Klompen: iedereen weet wat het zijn en hoe ze er uitzien. Toch worden ze veel minder gedragen dan vroeger en is de klompendrager een uitstervend ras. En dat terwijl het nog niet zolang geleden is dat bijna iedereen een paar klompen had en daar dagelijks op liep. Er waren in die tijd dan ook veel klompenmakers die allen hun eigen model, in een vaak bonte variatie van kleuren en versieringen, maakten. De grote verscheidenheid aan klompen van vroeger en van nu is een waardevol deel van het cultuurhistorisch erfgoed van een volk.
Klompenmuseum Gebr. Wietzes is genoemd naar de twee laatste klompenmakers in Eelde:
Eiso Wietzes (1916 - 1977) en Egbert Wietzes (1925 - 1988).
Niet alleen vervaardigden zij op zeer vakkundige wijze gebruiksklompen; zij verzamelden ook klompen uit vele landen.
Na het overlijden van Egbert krijgt de Stichting Klompenmuseum Gebr. Wietzes het beheer over de collectie klompen en klompenmakergereedschappen.
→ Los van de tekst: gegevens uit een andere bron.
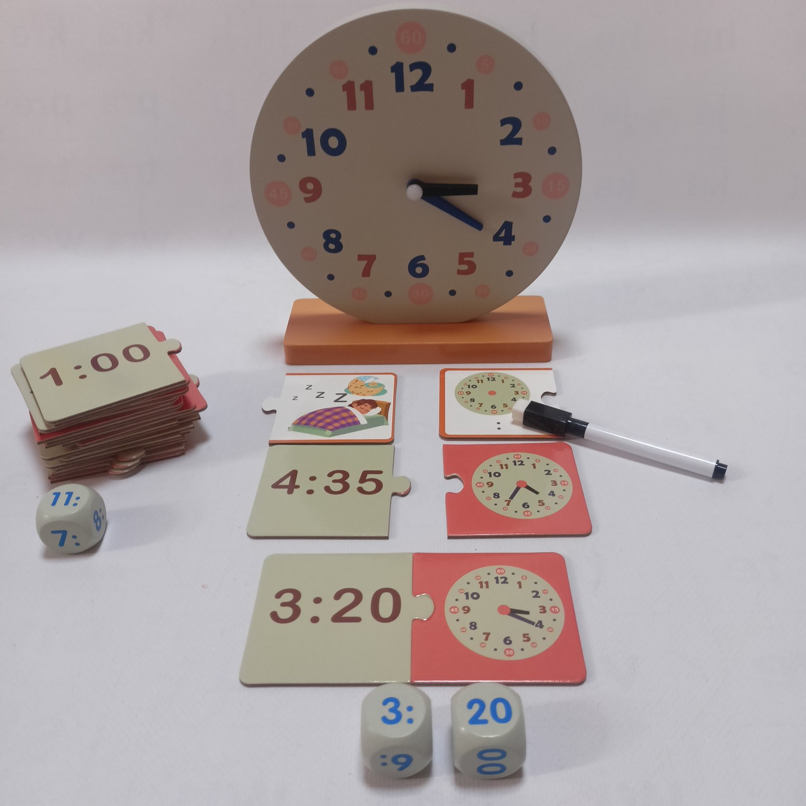 تجمع هذه اللعبة بين التعلم العملي والتفاعل، حيث يمكن للطفل التعرف على الوقت باستخدام الساعة، وتعلم الأرقام من خلال المكعبات، وربطها مع بطاقات تعليمية.
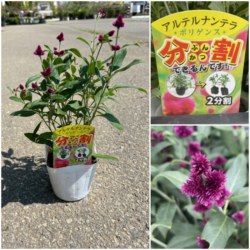千日紅・ラブベリーフィールド、アルテルナンテラ・ポリゲンス「分割できるんです!」、段菊(青)、シュウメイギク・ハドスペン(ピンク)、磯菊、トウガラシ・オニキスレッド、マリーゴールド、ノボタン、ペンタス

De collectie wordt uitgebreid met de collectie van de heer H.P. Bongers uit Enschede, leraar aan een Technische school in Enschede.
Zijn verzameling bestond uit klompen en uniek klompenmakergereedschap uit: België, Denemarken, Duitsland, Frankrijk en Spanje. In 2002 komt de totale collectie in eigendom van het Klompenmuseum.
In 1990 wordt het Internationaal Klompenmuseum in Eelde geopend. De Internationale collectie omvat:
ruim 2.200 paar verschillende klompen en ander schoeisel met een houten zool uit 43 landen
de grootste en meest uitgebreide collectie ter Wereld
honderden stuks gereedschap uit zeven Europese landen
enkelvoudige machines (rond 1920) uit Nederland, Duitsland en Frankrijk
informatiemateriaal, zoals boeken, kranten artikelen, foto´s, enz. enz.